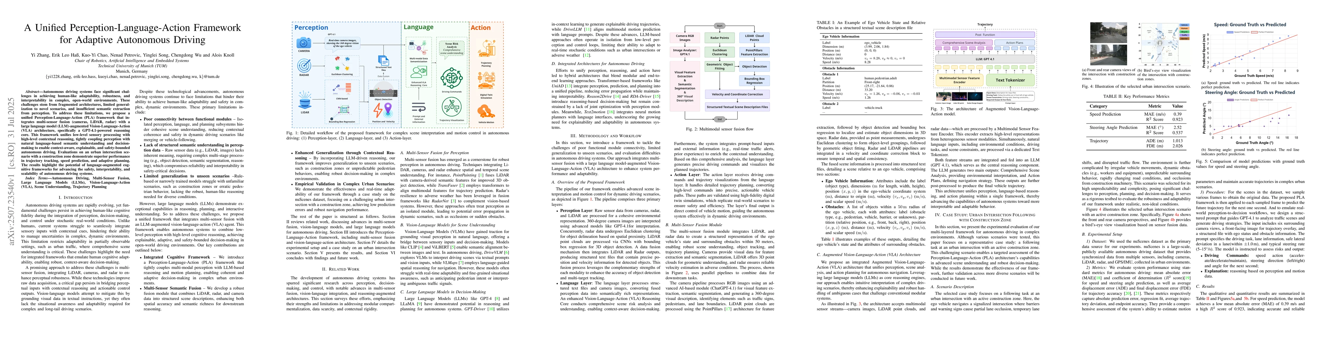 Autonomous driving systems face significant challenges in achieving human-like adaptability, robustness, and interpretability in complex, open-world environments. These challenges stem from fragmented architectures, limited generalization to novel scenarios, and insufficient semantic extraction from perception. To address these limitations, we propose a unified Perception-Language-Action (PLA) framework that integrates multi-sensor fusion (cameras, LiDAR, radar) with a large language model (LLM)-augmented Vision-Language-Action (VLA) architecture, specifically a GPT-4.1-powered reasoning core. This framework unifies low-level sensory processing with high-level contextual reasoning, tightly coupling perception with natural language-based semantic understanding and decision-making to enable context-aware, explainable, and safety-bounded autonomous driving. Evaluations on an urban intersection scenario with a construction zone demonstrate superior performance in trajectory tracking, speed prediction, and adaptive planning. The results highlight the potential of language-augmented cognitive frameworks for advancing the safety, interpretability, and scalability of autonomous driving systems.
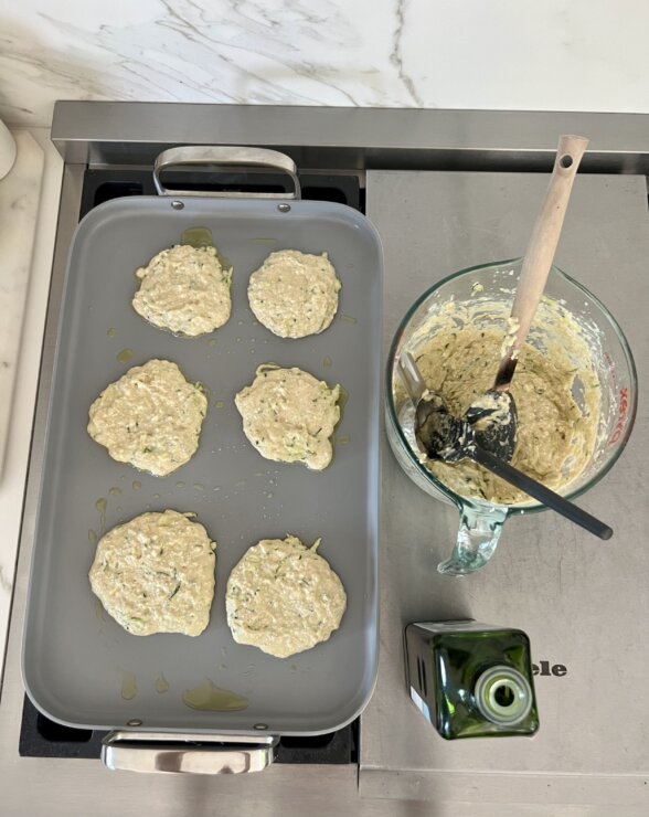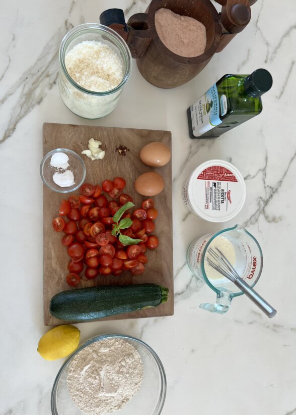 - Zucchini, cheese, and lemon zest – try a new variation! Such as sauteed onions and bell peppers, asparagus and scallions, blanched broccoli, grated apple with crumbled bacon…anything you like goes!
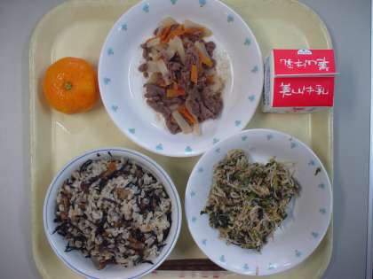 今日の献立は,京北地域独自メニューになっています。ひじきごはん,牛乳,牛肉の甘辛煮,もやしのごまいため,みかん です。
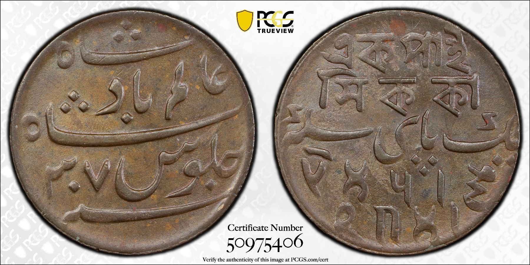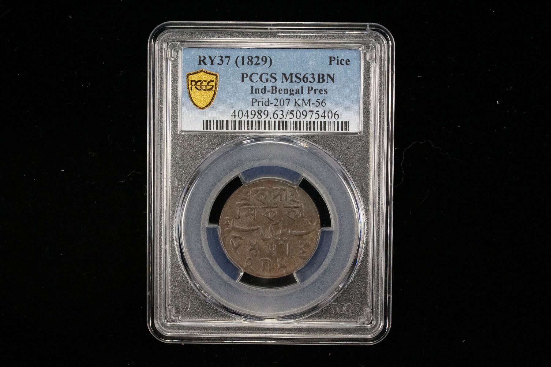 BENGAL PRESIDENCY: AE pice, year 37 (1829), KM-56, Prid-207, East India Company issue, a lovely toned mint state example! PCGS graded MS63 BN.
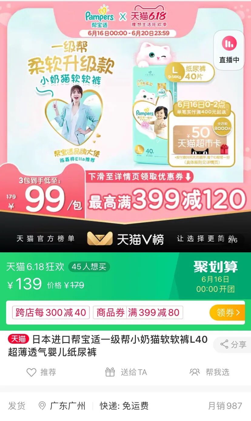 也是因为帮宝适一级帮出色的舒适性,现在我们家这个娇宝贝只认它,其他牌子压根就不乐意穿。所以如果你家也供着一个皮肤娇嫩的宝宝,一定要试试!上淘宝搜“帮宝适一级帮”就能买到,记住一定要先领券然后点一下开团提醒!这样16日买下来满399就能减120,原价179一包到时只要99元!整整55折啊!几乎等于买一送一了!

**What the exercise asks:** Please retype the data exactly as it appears, but without any of its pictures.

**Output of the exercise:**
 Autonomous driving systems face significant challenges in achieving human-like adaptability, robustness, and interpretability in complex, open-world environments. These challenges stem from fragmented architectures, limited generalization to novel scenarios, and insufficient semantic extraction from perception. To address these limitations, we propose a unified Perception-Language-Action (PLA) framework that integrates multi-sensor fusion (cameras, LiDAR, radar) with a large language model (LLM)-augmented Vision-Language-Action (VLA) architecture, specifically a GPT-4.1-powered reasoning core. This framework unifies low-level sensory processing with high-level contextual reasoning, tightly coupling perception with natural language-based semantic understanding and decision-making to enable context-aware, explainable, and safety-bounded autonomous driving. Evaluations on an urban intersection scenario with a construction zone demonstrate superior performance in trajectory tracking, speed prediction, and adaptive planning. The results highlight the potential of language-augmented cognitive frameworks for advancing the safety, interpretability, and scalability of autonomous driving systems.
 - Zucchini, cheese, and lemon zest – try a new variation! Such as sauteed onions and bell peppers, asparagus and scallions, blanched broccoli, grated apple with crumbled bacon…anything you like goes!
 今日の献立は,京北地域独自メニューになっています。ひじきごはん,牛乳,牛肉の甘辛煮,もやしのごまいため,みかん です。
 BENGAL PRESIDENCY: AE pice, year 37 (1829), KM-56, Prid-207, East India Company issue, a lovely toned mint state example! PCGS graded MS63 BN.
 也是因为帮宝适一级帮出色的舒适性,现在我们家这个娇宝贝只认它,其他牌子压根就不乐意穿。所以如果你家也供着一个皮肤娇嫩的宝宝,一定要试试!上淘宝搜“帮宝适一级帮”就能买到,记住一定要先领券然后点一下开团提醒!这样16日买下来满399就能减120,原价179一包到时只要99元!整整55折啊!几乎等于买一送一了!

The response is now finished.